* Information shown:
******************************
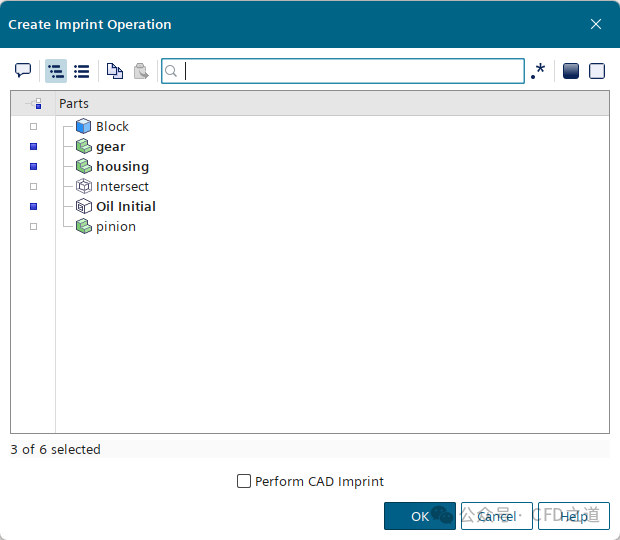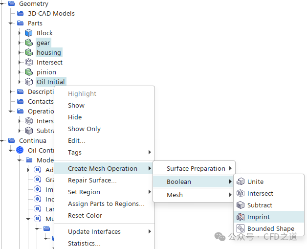 多选 Parts 节点下的housing,gear,和 Oil Initial 节点,右键单击其中一个选定的节点,并选择 Create Mesh Operation > Boolean > Imprint。
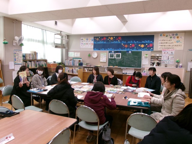 また、読み聞かせの後、図書ボランティアの方々が集まり、各クラスの読み聞かせの様子を共有したり、3学期の読み聞かせの担当を決めたりしてくださいました。
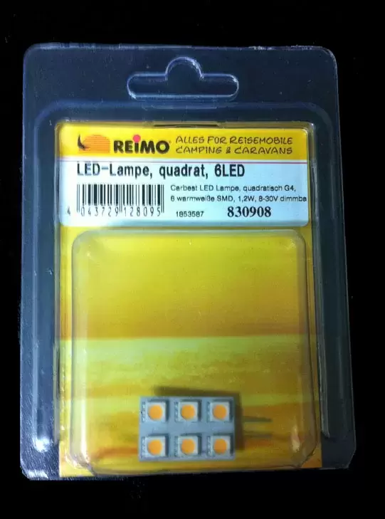 Lampe led carrée composée de 6 led, G4, 1.2W, 8-3cv.
******************************
* Exercise brief: Reproduce exactly the lines from the one with "また、読み聞かせの後、図書ボ" to the bottom of the listing, both ends included, and nothing else. Skip the pictures.

* Response:
 また、読み聞かせの後、図書ボランティアの方々が集まり、各クラスの読み聞かせの様子を共有したり、3学期の読み聞かせの担当を決めたりしてくださいました。
 Lampe led carrée composée de 6 led, G4, 1.2W, 8-3cv.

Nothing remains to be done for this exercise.